WORK REQUIRED — The expected output is each line from the one containing "Snuggle up in" to the last line of the data below, set down exactly, minus the pictures.

(Stored data entries)
== == ==

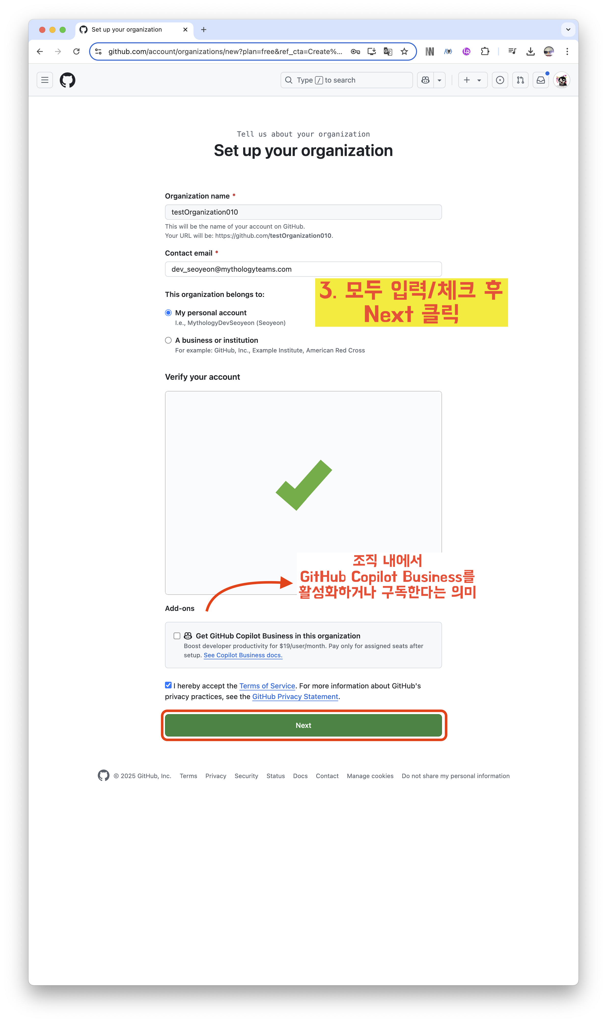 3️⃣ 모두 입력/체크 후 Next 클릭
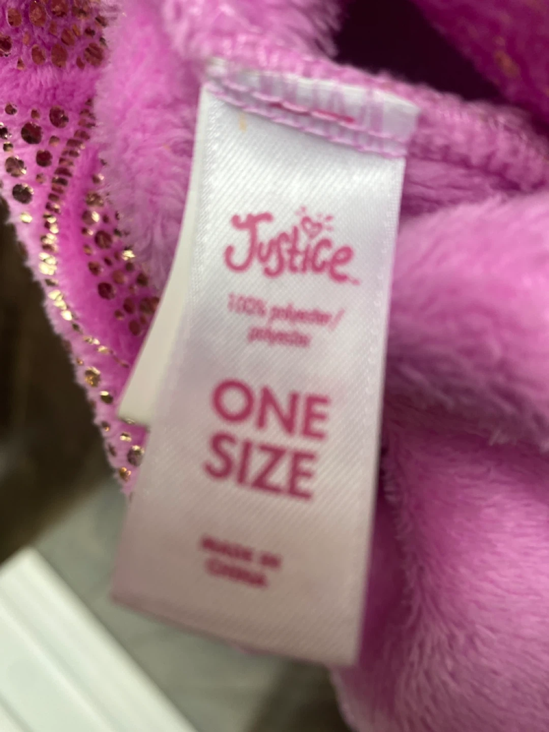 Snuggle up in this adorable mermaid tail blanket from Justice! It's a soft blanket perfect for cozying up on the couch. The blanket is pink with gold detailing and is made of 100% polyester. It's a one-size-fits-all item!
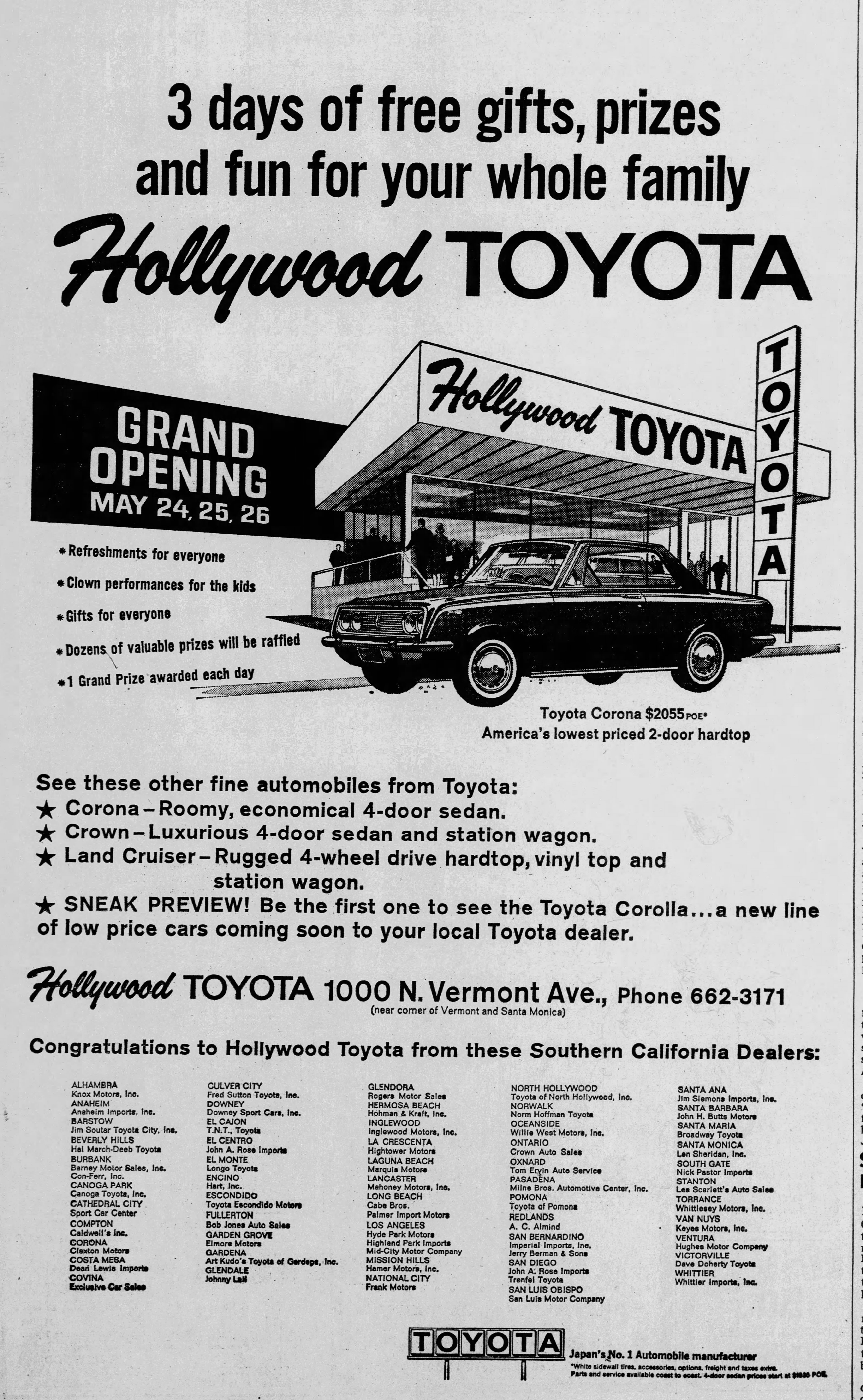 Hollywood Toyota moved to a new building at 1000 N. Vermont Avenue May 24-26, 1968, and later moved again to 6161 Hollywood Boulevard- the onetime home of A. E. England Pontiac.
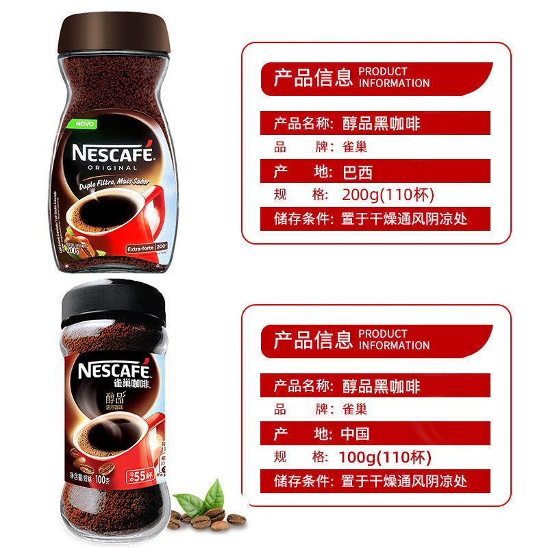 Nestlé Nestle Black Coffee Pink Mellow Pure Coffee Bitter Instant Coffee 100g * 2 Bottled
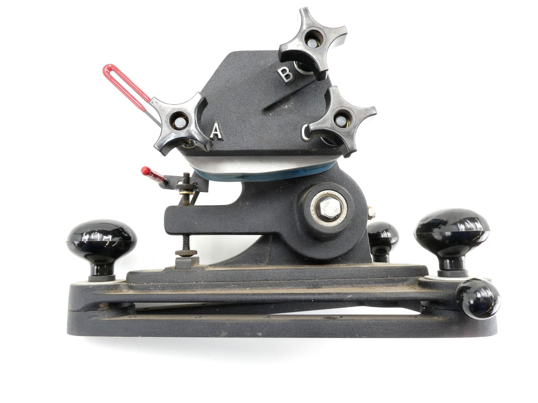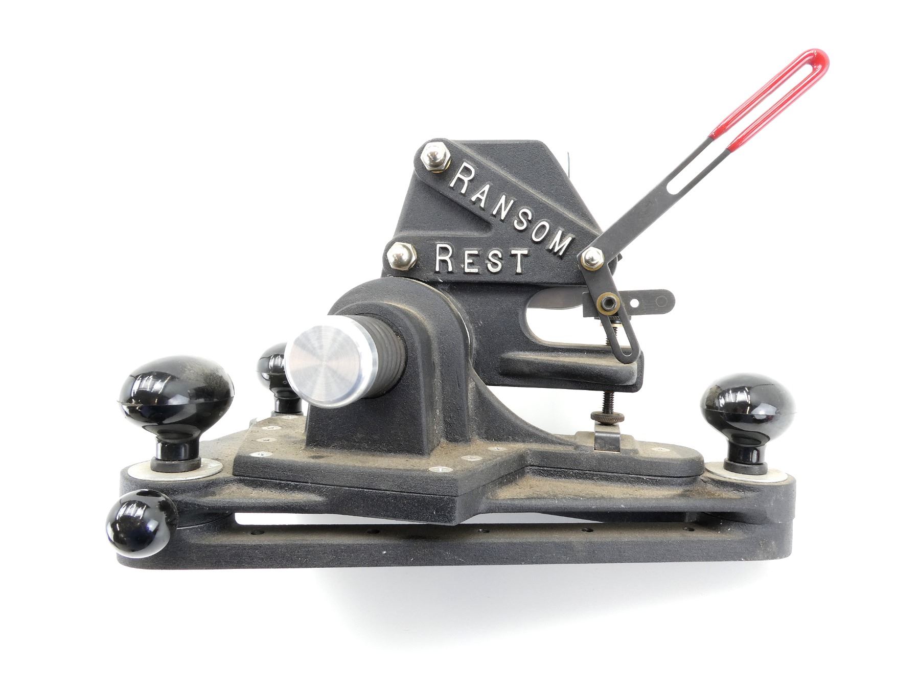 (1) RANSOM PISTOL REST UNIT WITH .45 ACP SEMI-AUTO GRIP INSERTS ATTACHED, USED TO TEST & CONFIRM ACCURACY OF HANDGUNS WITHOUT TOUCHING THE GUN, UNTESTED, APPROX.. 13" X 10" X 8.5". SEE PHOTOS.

== == ==

OUTPUT BELOW —
 Snuggle up in this adorable mermaid tail blanket from Justice! It's a soft blanket perfect for cozying up on the couch. The blanket is pink with gold detailing and is made of 100% polyester. It's a one-size-fits-all item!
 Hollywood Toyota moved to a new building at 1000 N. Vermont Avenue May 24-26, 1968, and later moved again to 6161 Hollywood Boulevard- the onetime home of A. E. England Pontiac.
 Nestlé Nestle Black Coffee Pink Mellow Pure Coffee Bitter Instant Coffee 100g * 2 Bottled
 (1) RANSOM PISTOL REST UNIT WITH .45 ACP SEMI-AUTO GRIP INSERTS ATTACHED, USED TO TEST & CONFIRM ACCURACY OF HANDGUNS WITHOUT TOUCHING THE GUN, UNTESTED, APPROX.. 13" X 10" X 8.5". SEE PHOTOS.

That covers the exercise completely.